Amit P. Mehta, United States District Judge

Defendant Medical Transportation Management, Inc. (MTM) is a private company that contracts with the District of Columbia to “manage and administer” non-emergency medical transportation (“NEMT”) services for the District's Medicaid recipients. MTM does not employ drivers directly to deliver NEMT services; rather, it contracts with dozens of transportation service providers (“TSPs”) that employ the drivers. Plaintiffs Isaac Harris, Darnell Frye, and Leo Franklin are three such drivers. They bring this action individually and on behalf of all others similarly situated (collectively Plaintiffs) against MTM to recover unpaid wages under (1) the Fair Labor Standards Act (“FLSA”) 29 U.S.C § 201 et seq.; (2) the D.C. Minimum Wage Act, D.C. Code § 32-1001 et seq.; (3) the D.C. Living Wage Act, D.C. Code § 2-220.01 et seq.; and (4) the D.C. Wage Payment and Collection Law D.C. Code § 32-1301. Plaintiffs allege that because MTM is both their joint employer and the general contractor of the TSPs, MTM is liable for their unpaid wages under federal and District of Columbia wage laws.

On July 17, 2018, this court ordered that Plaintiffs' FLSA minimum wage and overtime claims be conditionally certified as a collective action and that notice be sent to potential opt-in plaintiffs. See Harris v. Med. Transp. Mgmt Inc. (Harris II), 317 F.Supp.3d 421, 424 (D.D.C. 2018). Since then, 155 current and former NEMT drivers have filed consent forms to join the collective action, each alleging wage and overtime claims against MTM under the FLSA. Thereafter, Plaintiffs sought certification of a class of approximately 800 drivers under Federal Rule of Civil Procedure 23 for their District of Columbia wage claims. The court denied class certification on the ground that Plaintiffs had failed to meet the predominance requirements of Rule 23(b)(3). See Harris v. Med. Transp. Mgmt., Inc. (Harris III), No. 17-cv-1371 (APM), 2020 WL 5702085, at *1 (D.D.C. Sept. 24, 2020). The court left open the possibility, however, of certifying an issue class under Rule 23(c)(4) and invited supplemental briefing on the issue. See Id. at *13.
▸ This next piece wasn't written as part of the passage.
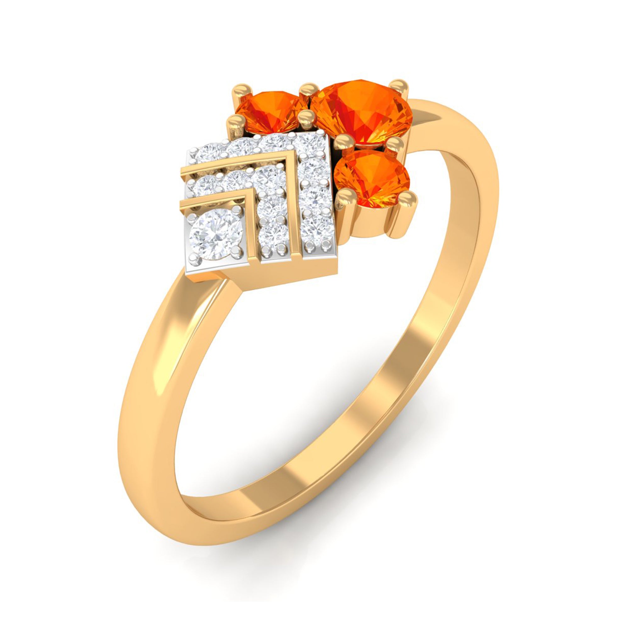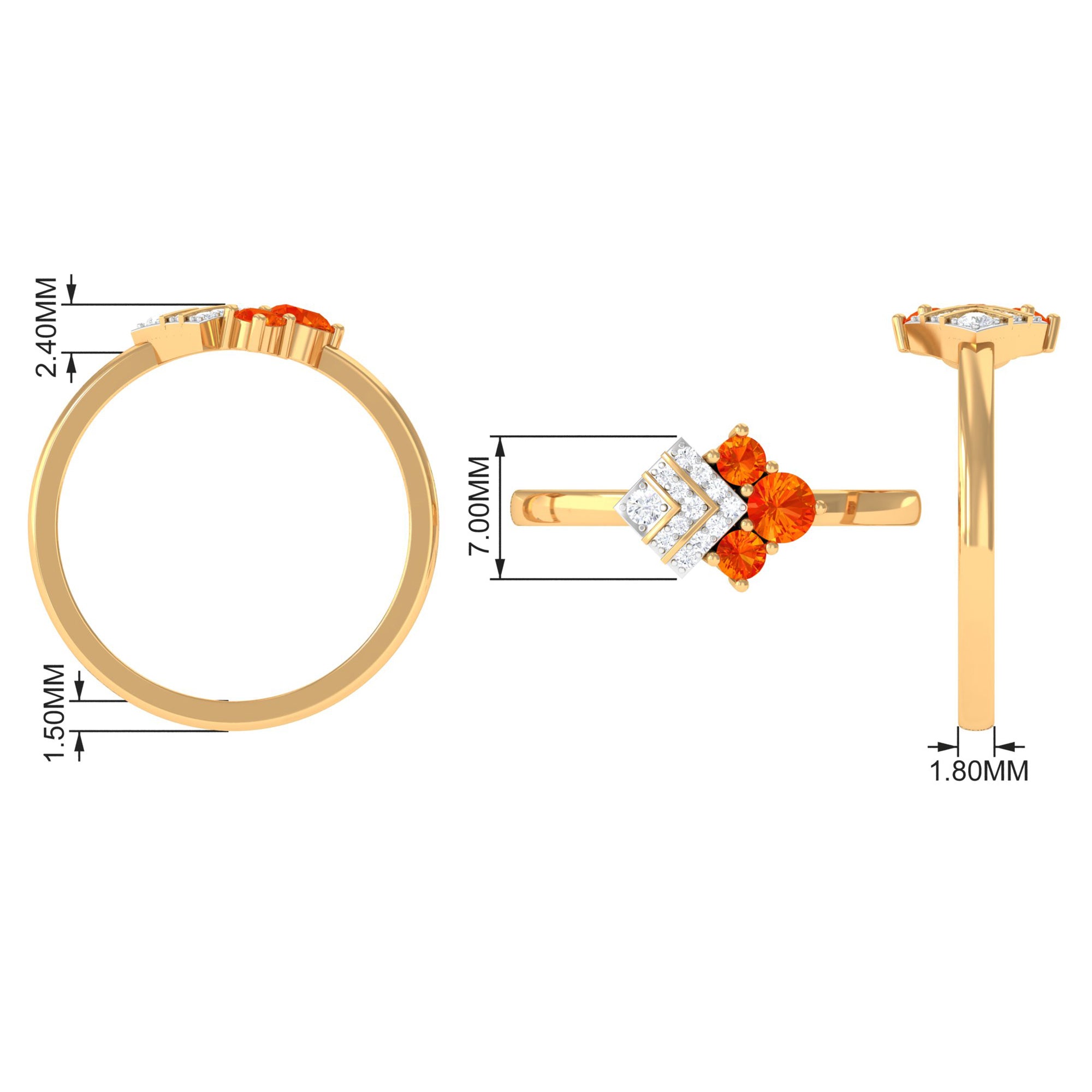 Bague de fiançailles Art Déco Saphir Orange 1/2 CT avec Diamant

Now before the court are two motions: (1) MTM's Motion to Decertify the FLSA Collective Action; and (2) Plaintiffs' supplemental motion to certify claims pursuant to Rule 23(c)(4) and for clarification that the limitations period remains tolled. For the reasons that follow, the Court (1) will not decertify the FLSA collective action and (2) will certify an issue class under Rule 23(c)(4) on the questions of whether MTM is a joint employer or a general contractor. The court also confirms that the statute of limitations for the putative class members' claims remained tolled during the pendency of these motions.

I. DISCUSSION[1]
A. Decertification of the FLSA Collective Action
1. Legal Standard
a. Statutory background

The FLSA requires that employers pay covered employees both a statutory minimum wage and overtime for hours worked in excess of forty hours per week. 29 U.S.C. §§ 206-207. Congress passed the FLSA with broad remedial intent' to address ‘unfair method[s] of competition in commerce' that cause ‘labor conditions detrimental to the maintenance of the minimum standard of living necessary for health, efficiency, and general well-being of workers.' Monroe v. FTS USA, LLC, 860 F.3d 389, 396 (6th Cir. 2017) (alteration in original) (first quoting Keller v. Miri Microsystems LLC, 781 F.3d 799, 806 (6th Cir. 2015), and then quoting 29 U.S.C. § 202(a)). In keeping with this remedial intent, when an employer fails to comply with the statute's requirements, under section 216(b) of the FLSA, employees can pursue an action against an employer in a representative capacity on behalf of “other employees similarly situated.” 29 U.S.C. § 216(b). This type of action, known as a “collective action, ” allows employees who are similarly situated to the named plaintiffs to file a written consent to opt into the case. See id.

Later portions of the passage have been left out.